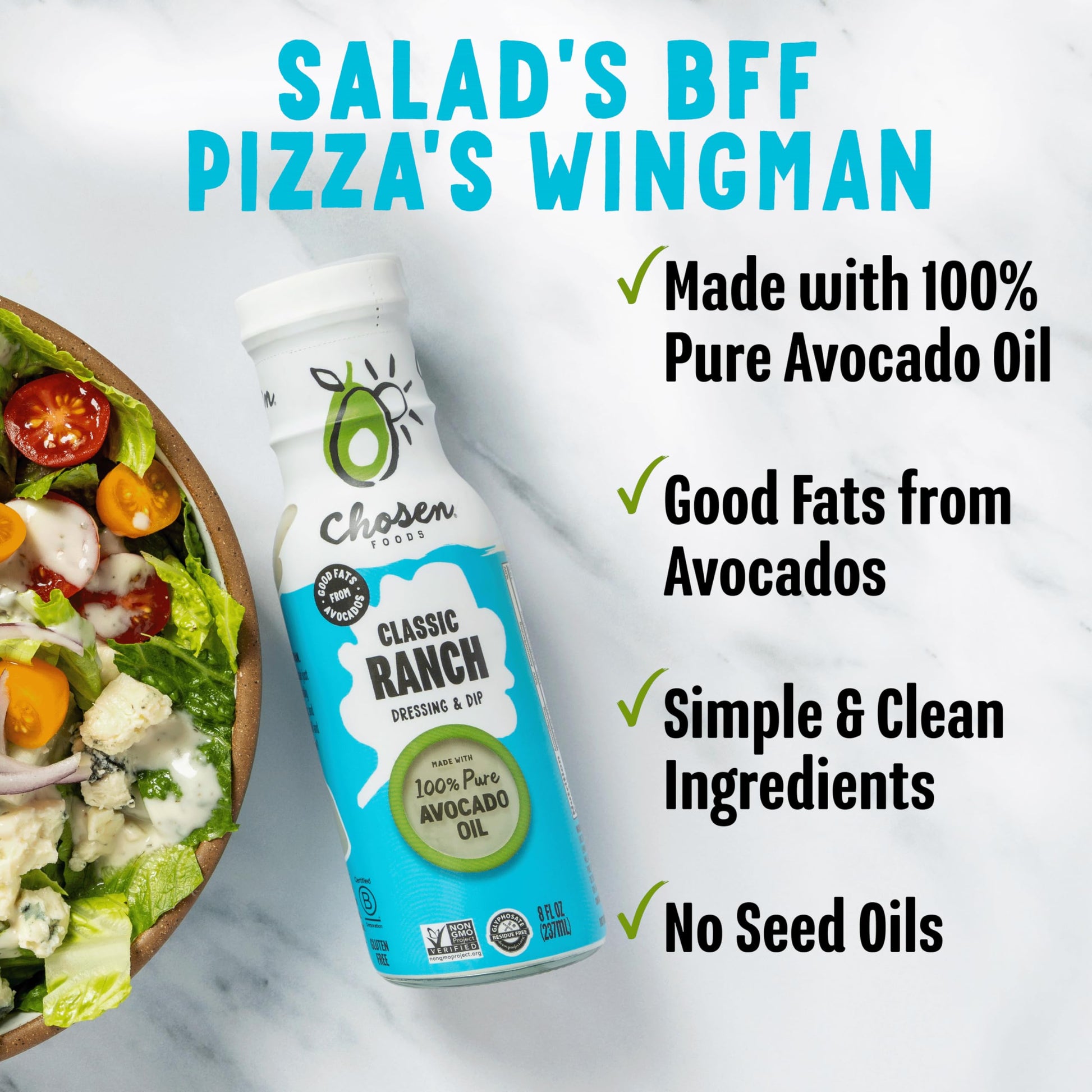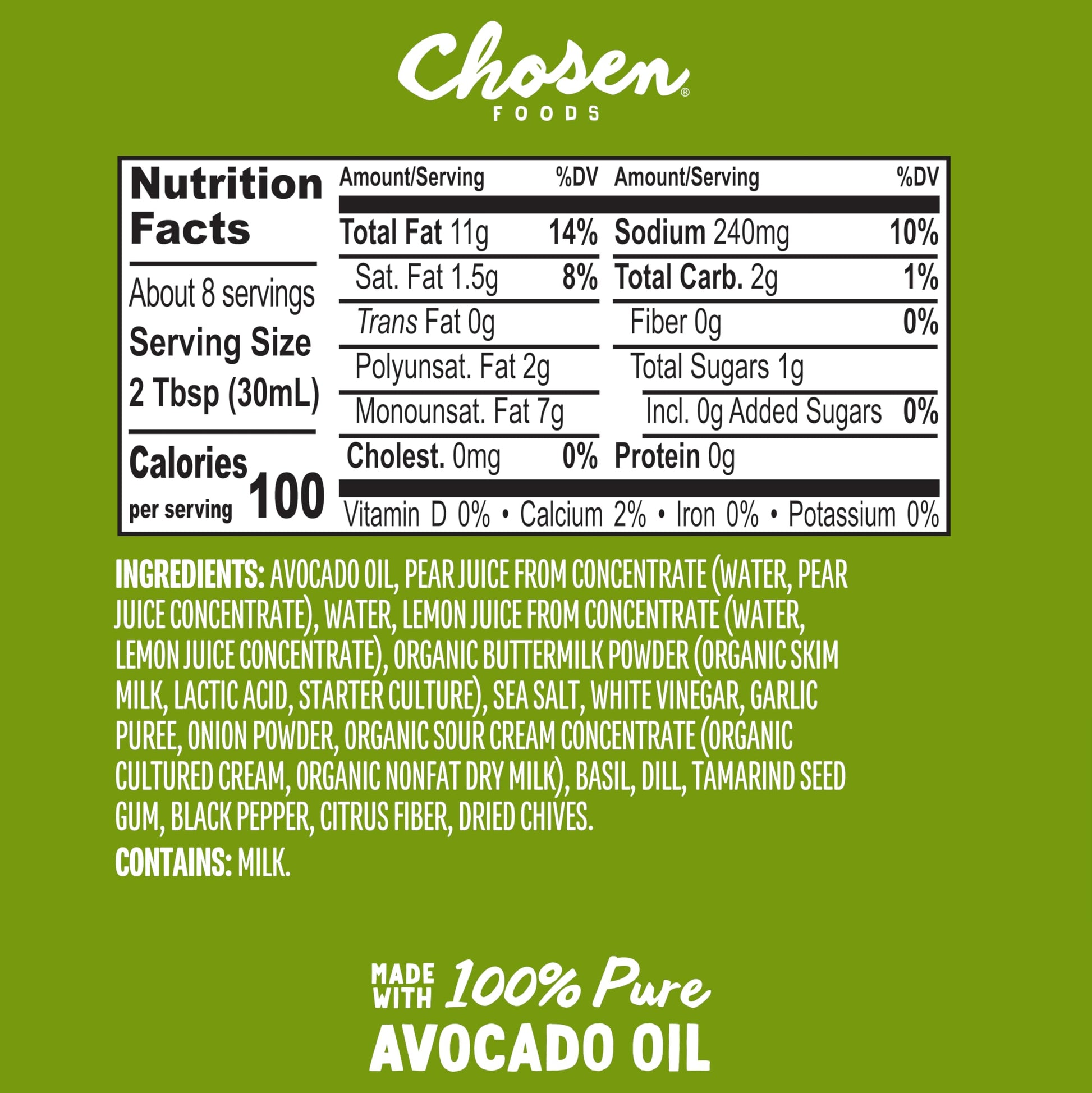 Q: What are the main ingredients in Chosen Foods Classic Ranch Dressing?A: Chosen Foods Classic Ranch Dressing is made with 100% pure avocado oil and simple ingredients, ensuring there are no natural flavors, artificial ingredients, or hidden additives. This makes it a clean and healthy choice for your salads and dips.
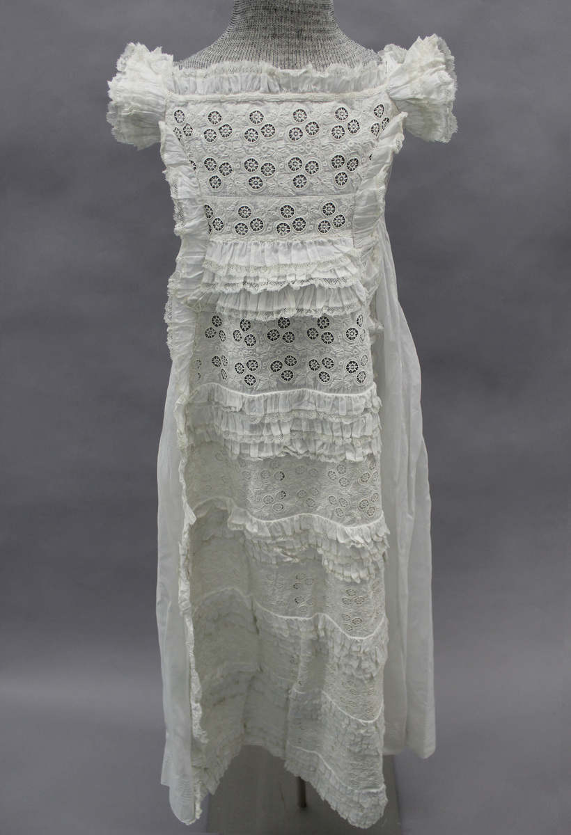 White cotton child's dress; scoop neck with lace edge; short sleeves with three ruffles and lace; embroidered bodice with needle fillings; long embroidered panel ("en tablier") down center front with ruffles; drawstrings at center back neck and waist for closure
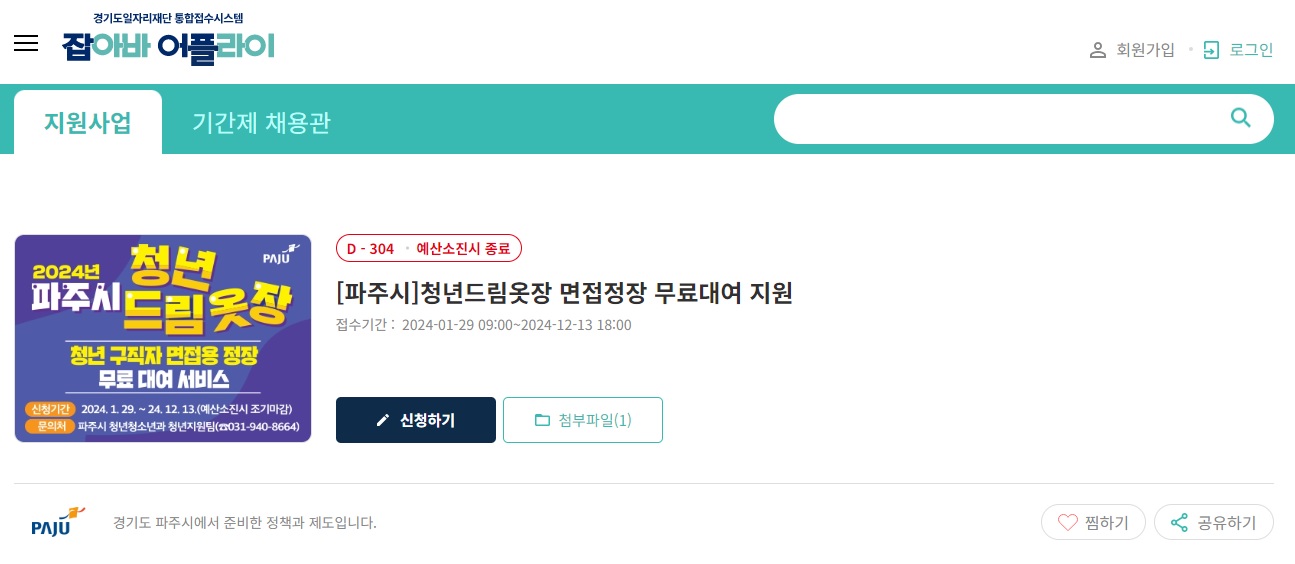 : 신청일 현재 파주시 거주 청년 구직자(만 18세 ~ 만 34세)
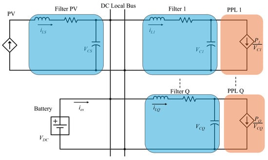 Our proposed architecture examines resistive and pulsed power loads (PPLs) ad illustrated in Figure 6. We model PPLs as voltage-controlled current sources with power levels switching between Pj = PL (when active) and Pj = 0 (when inactive). The DC bus voltage VDC remains constant, and the injected current stabilizes the system during PPL operation. RLC filters, including supercapacitors for high capacitance and fast response, stabilize the overall system and manage fluctuations from the PPLs.
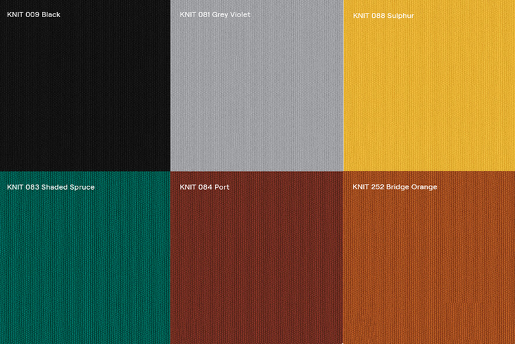 Knit è un tessuto di maglia durevole e con naturali proprietà di resistenza. Questo tessuto di lana è lavorato con un filo continuo ed offre l’elasticità necessaria per adattarsi alla forma particolare della poltrona, la superficie presenta il caratteristico pattern a riquadri.
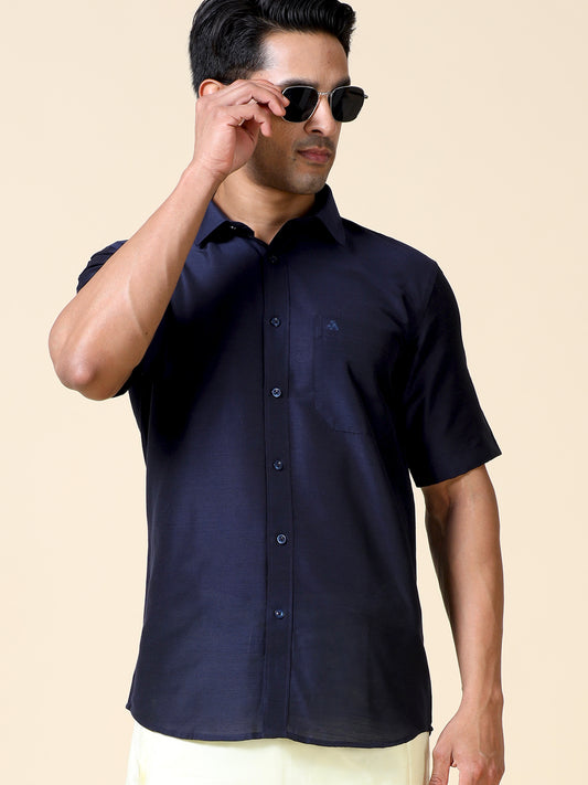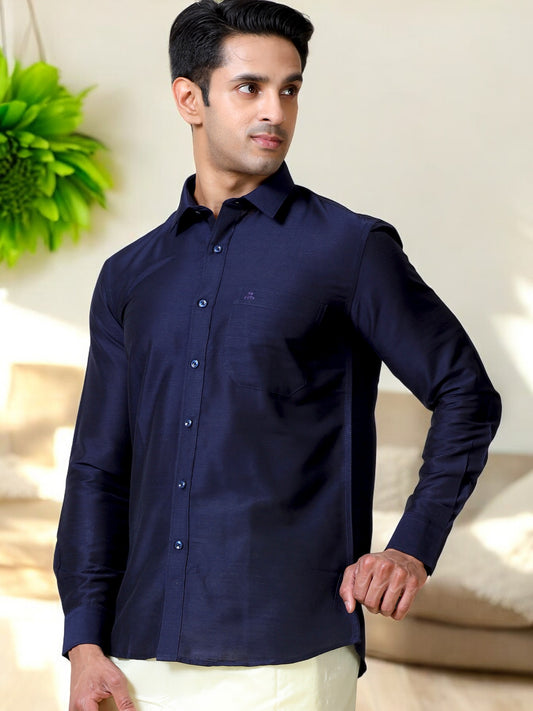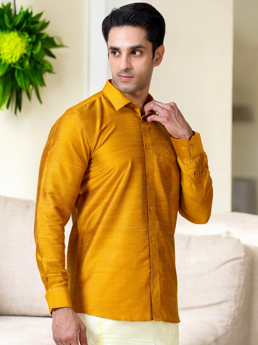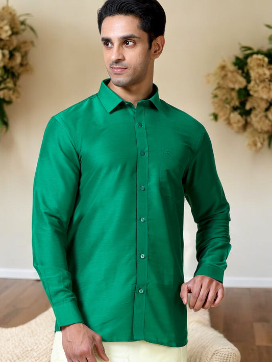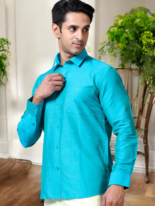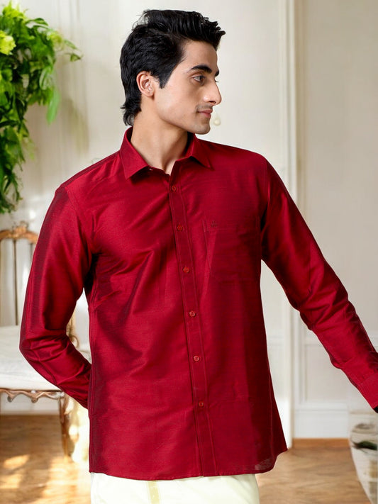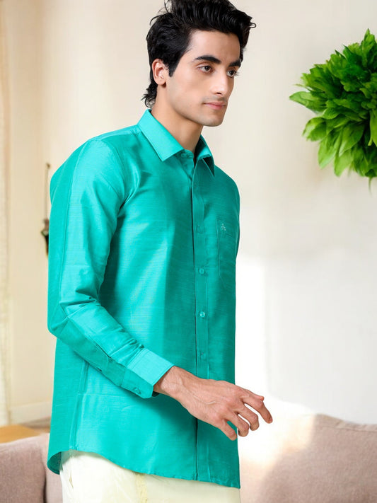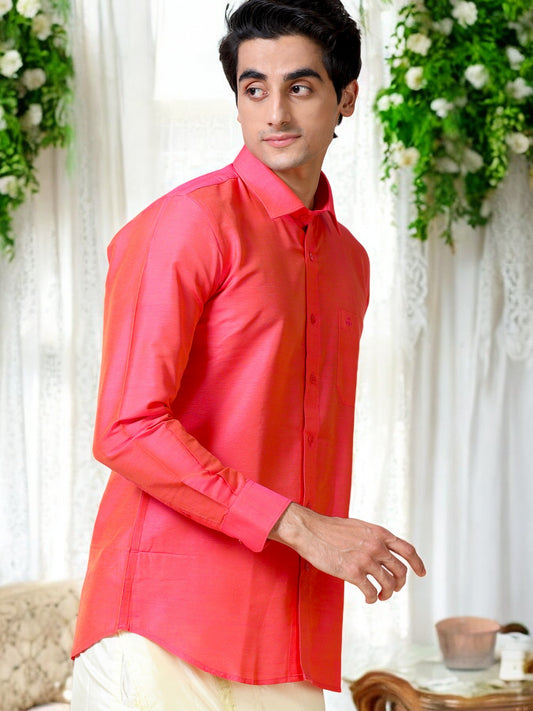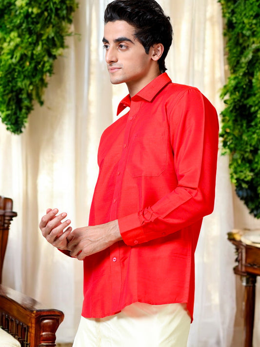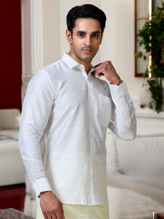 Tattva Men White Pure Silk Solid Opaque Shirt
^^^^^^^^
# What is required:
Could you transcribe the records above exactly, leaving out any pictures?

# Problem solution:
 Q: What are the main ingredients in Chosen Foods Classic Ranch Dressing?A: Chosen Foods Classic Ranch Dressing is made with 100% pure avocado oil and simple ingredients, ensuring there are no natural flavors, artificial ingredients, or hidden additives. This makes it a clean and healthy choice for your salads and dips.
 White cotton child's dress; scoop neck with lace edge; short sleeves with three ruffles and lace; embroidered bodice with needle fillings; long embroidered panel ("en tablier") down center front with ruffles; drawstrings at center back neck and waist for closure
 : 신청일 현재 파주시 거주 청년 구직자(만 18세 ~ 만 34세)
 Our proposed architecture examines resistive and pulsed power loads (PPLs) ad illustrated in Figure 6. We model PPLs as voltage-controlled current sources with power levels switching between Pj = PL (when active) and Pj = 0 (when inactive). The DC bus voltage VDC remains constant, and the injected current stabilizes the system during PPL operation. RLC filters, including supercapacitors for high capacitance and fast response, stabilize the overall system and manage fluctuations from the PPLs.
 Knit è un tessuto di maglia durevole e con naturali proprietà di resistenza. Questo tessuto di lana è lavorato con un filo continuo ed offre l’elasticità necessaria per adattarsi alla forma particolare della poltrona, la superficie presenta il caratteristico pattern a riquadri.
 Tattva Men White Pure Silk Solid Opaque Shirt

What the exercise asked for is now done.